In an embodiment incorporating a single recycle tank, the mid cell layer is fed to the middle of the tank at a flow rate which does not create turbulence. Recycle liquid is drawn from the upper regions of the tank where sufficient settling has occurred. In an alternate embodiment, two or more tanks are provided such that each tank is filled in turn and time for settling is provided while the others are being filled. Recycle liquids are drawn from the tanks in which sufficient settling has occurred.
Sediments which accumulate in the storage tanks are periodically passed to the tailings pond where any remaining conditioning agent solution is freed within a few days, upon settling of the sediments. Preferably, the tanks are formed with a generally conical lower portion having a valve at the lower limit thereof to facilitate the removal of sediments.
The conditioning agent can be used as a solution in hot water to wash oversize debris obtained by screening the slurry prior to entry into the settling tanks. Such chunks of debris contain bitumen on their surface which can be recovered by high pressure washing with the conditioning agent/hot water solution described hereinbefore. Recycle water, heated to about 100° F.-195° F. can also be used to recover the bitumen. The resultant wash water containing bitumen is sent to the separation cell for bitumen recovery.

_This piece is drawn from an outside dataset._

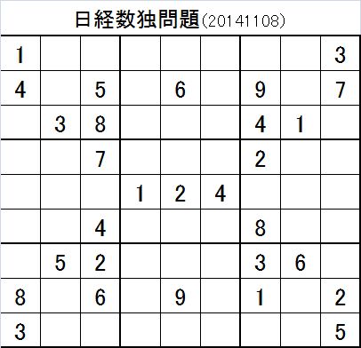 11月16日の産経新聞に掲載された数独問題の回答ですよ。

A further detailed, description of the invention will follow by reference to the following drawings of specific embodiments of the invention, which depict only typical embodiments of the invention and are therefore not to be considered limiting of its scope.
FIG. 1 is a schematic flow diagram of a hot water extraction process of the present invention;
FIG. 2 is a schematic flow diagram of an alternative hot water extraction process of the present invention; and,
FIG. 3 is a schematic flow diagram of another hot water extraction process of the present invention.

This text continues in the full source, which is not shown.